BSDCan 2017 Trip Report: Roller Angel

  • We could put this into next week’s show, because we have another trip report already that’s quite long.

After dropping off my luggage, I headed straight over to the Goat BoF which took place at The Royal Oak. There were already a number of people there engaged in conversation with food and drink. I sat down at a table and was delighted that the people sitting with me were also into the BSD’s and were happy to talk about it the whole time. I felt right at home from the start as people were very nice to me, and were interested in what I was working on. I honestly didn’t know that I would fit in so well. I had a preconceived notion that people may be a bit hard to approach as they are famous and so technically advanced. At first, people seemed to only be working in smaller circles. Once you get more familiar with the faces, you realize that these circles don’t always contain the same people and that they are just people talking about specific topics. I found that it was easy to participate in the conversation and also found out that people are happy to get your feedback on the subject as well. I was actually surprised how easily I got along with everyone and how included I felt in the activities. I volunteered to help wherever possible and got to work on the video crew that recorded the audio and slides of the talks. The people at BSDCan are incredibly easy to talk to, are actually interested in what you’re doing with BSD, and what they can do to help. It’s nice to feel welcome in the community. It’s like going home.

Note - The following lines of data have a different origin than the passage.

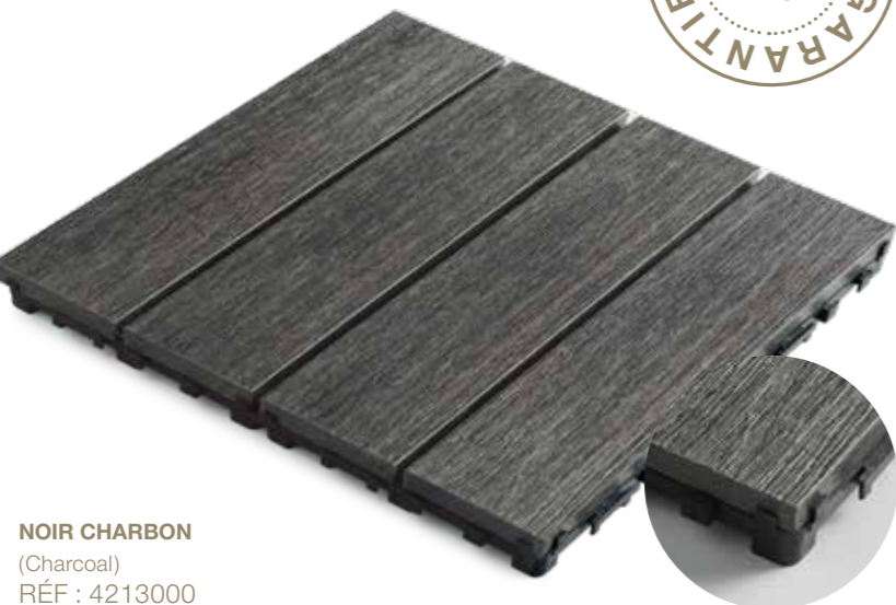
NOIR CHARBON (Charcoal) RÉF : 4213000
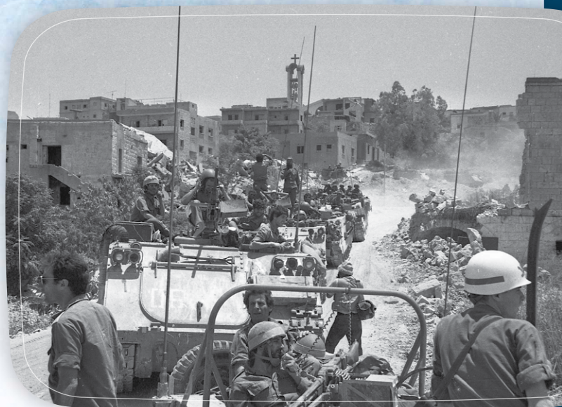
FDIs avançam perto de Beirute na tentativa de derrotar o domínio da OLP no Líbano

Guarda no feriado, não há muita atividade na base. A essa altura, as notícias sobre minha fé no Messias
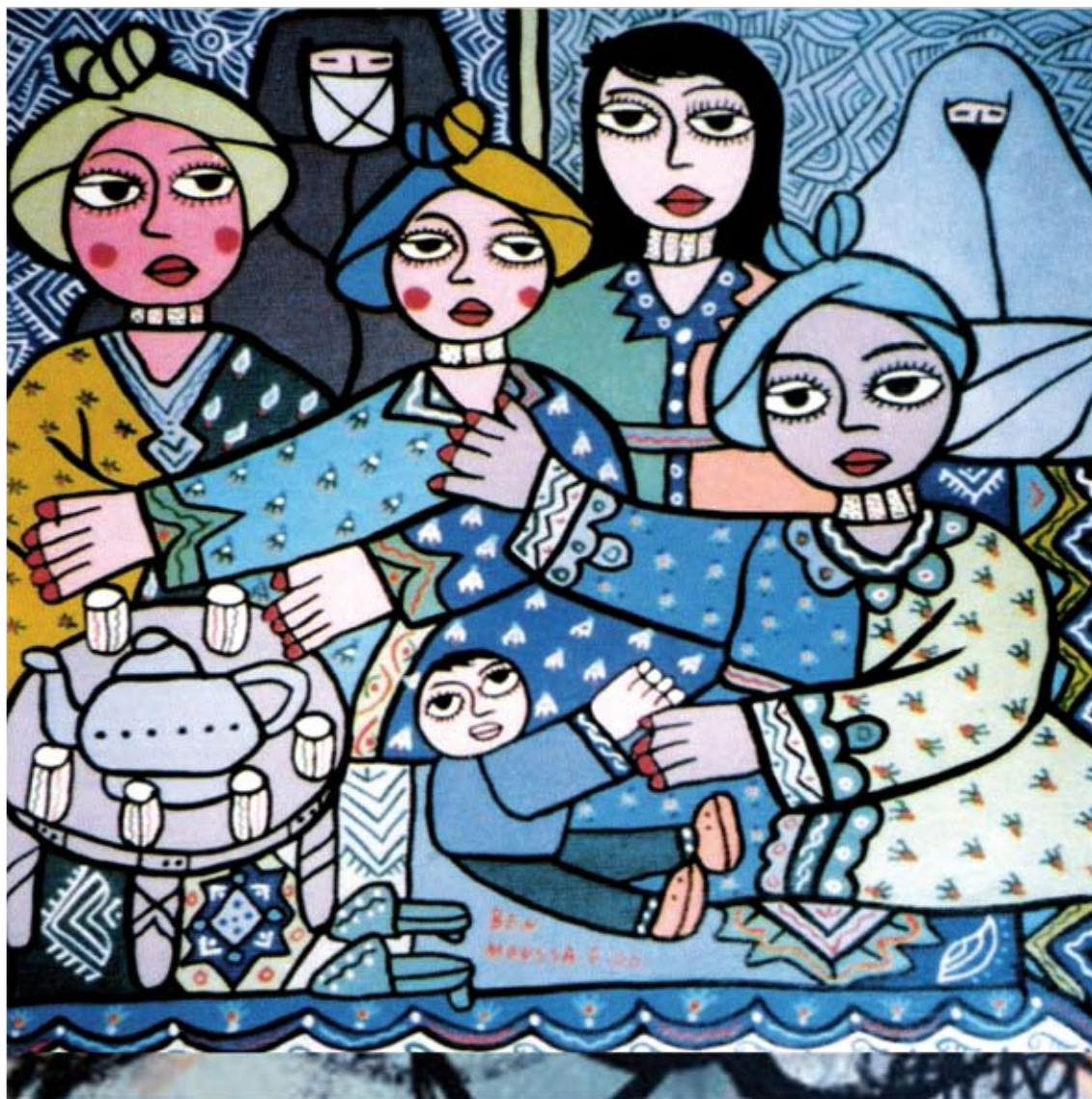
Sans titre ; Acrylique sur toile 100 cm x 100
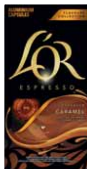
CAPSULES DE CAFÉ X 10 CAMEL L'OR 52 g
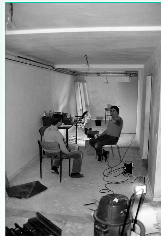
Verbouwing '98-Pauze in de aanbouw

Dan mentioned in his welcome on the first day of BSDCan that the conference is like home for many in the community.

  • The trip report is very detailed and chronicles the two days of the developer summit, and the two days of the conference

There was some discussion about a new code of conduct by Benno Rice who mentioned that people are welcome to join a body of people that is forming that helps work out issues related to code of conduct and forwards their recommendations on to core. Next, Allan introduced the idea of creating a process for formally discussing big project changes or similar discussions that is going to be known as FCP or FreeBSD Community Proposal. In Python we have the Python Enhancement Proposal or PEP which is very similar to the idea of FCP. I thought this idea is a great step for FreeBSD to be implementing as it has been a great thing for Python to have. There was some discussion about taking non-code contributions from people and how to recognize those people in the project. There was a suggestion to have a FreeBSD Member status created that can be given to people whose non-code contributions are valuable to the project. This idea seemed to be on a lot of people’s minds as something that should be in place soon. The junior jobs on the FreeBSD Wiki were also brought up as a great place to look for ideas on how to get involved in contributing to FreeBSD.

  • Roller wasted no time, and started contributing to EdgeBSD at the conference.

On the first day of BSDCan I arrived at the conference early to coordinate with the team that records the talks. We selected the rooms that each of us would be in to do the recording and set up a group chat via WhatsApp for coordination.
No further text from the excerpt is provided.